Chen Te-Wei, Yao Chao-Ling, Chu I-Ming, Chuang Tzu-Lin, Hsieh Tzu-Bou, Hwang Shiaw-Min
Bioresource Collection and Research Center, Food Industry Research and Development Institute, 331 Shih-Pin Road, Hsinchu 30062, Taiwan.
Biochem Biophys Res Commun. 2009 Jan 2;378(1):112-7. doi: 10.1016/j.bbrc.2008.11.019. Epub 2008 Nov 21.
Ex vivo generation of megakaryocytes from hematopoietic stem cells (HSCs) is crucial to HSC research and has important clinical potential for thrombocytopenia patients to rapid platelet reconstruction. In this study, factorial design and steepest ascent method were used to screen and optimize the effective cytokines (10.2 ng/ml TPO, 4.3 ng/ml IL-3, 15.0 ng/ml SCF, 5.6 ng/ml IL-6, 2.8 ng/ml FL, 2.8 ng/ml IL-9, and 2.8 ng/ml GM-CSF) in megakaryocyte induction medium that facilitate ex vivo megakaryopoiesis from CD34(+) cells. After induction, the maximum fold expansion for accumulated megakaryocytes was almost 5000-fold, and the induced megakaryocytes were characterized by analysis of gene expression, polyploidy and platelet activation ability. Furthermore, the combination of megakaryocyte induction medium and HSC expansion medium can induce and expand a large amount of functional megakaryocytes efficiently, and might be a promising source of megakaryocytes and platelets for cell therapy in the future.

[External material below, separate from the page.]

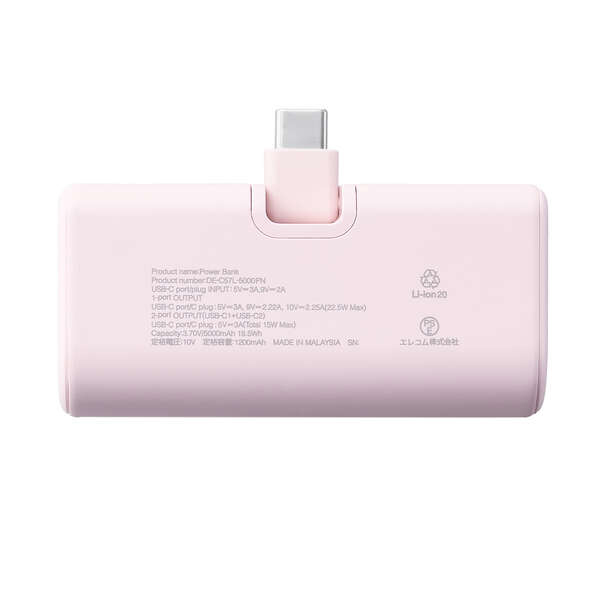 折り畳み式直挿しモバイルバッテリー(USB Type-Cプラグ/5000mAh)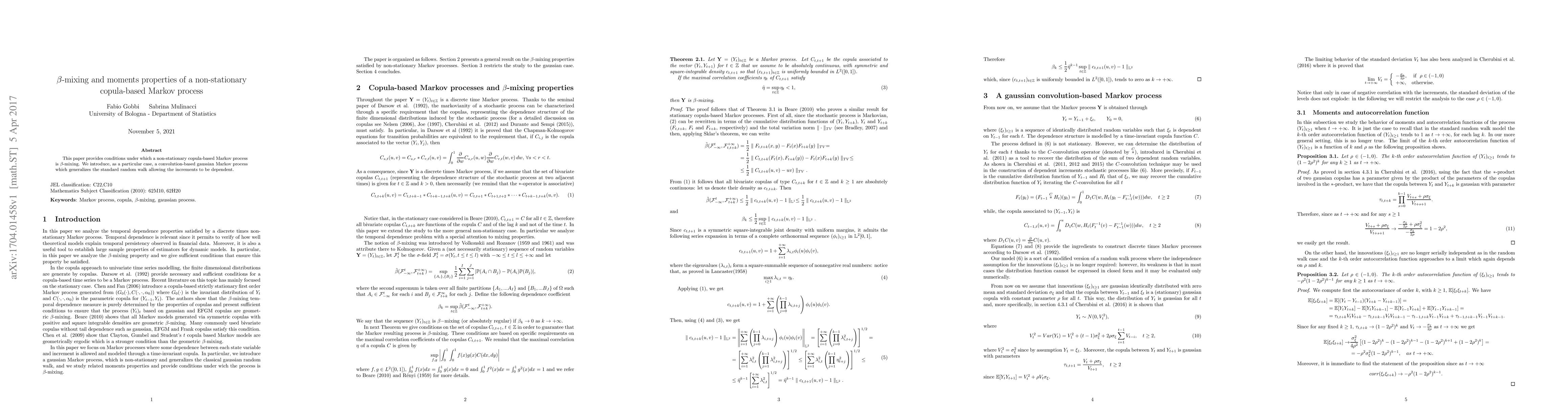 This paper provides conditions under which a non-stationary copula-based Markov process is $\beta$-mixing. We introduce, as a particular case, a convolution-based gaussian Markov process which generalizes the standard random walk allowing the increments to be dependent.

从造血干细胞(HSCs)体外生成巨核细胞对于HSC研究至关重要,并且对于血小板减少症患者快速重建血小板具有重要的临床潜力。在本研究中,采用析因设计和最速上升法筛选并优化了巨核细胞诱导培养基中的有效细胞因子(10.2 ng/ml血小板生成素、4.3 ng/ml白细胞介素-3、15.0 ng/ml干细胞因子、5.6 ng/ml白细胞介素-6、2.8 ng/ml促血小板生成素、2.8 ng/ml白细胞介素-9和2.8 ng/ml粒细胞-巨噬细胞集落刺激因子),这些细胞因子有助于从CD34(+)细胞体外生成巨核细胞。诱导后,累积巨核细胞的最大扩增倍数近5000倍,并通过基因表达分析、多倍体分析和血小板激活能力分析对诱导生成的巨核细胞进行了表征。此外,巨核细胞诱导培养基和HSC扩增培养基的组合能够高效诱导并扩增大量功能性巨核细胞,可能成为未来细胞治疗中巨核细胞和血小板的一个有前景的来源。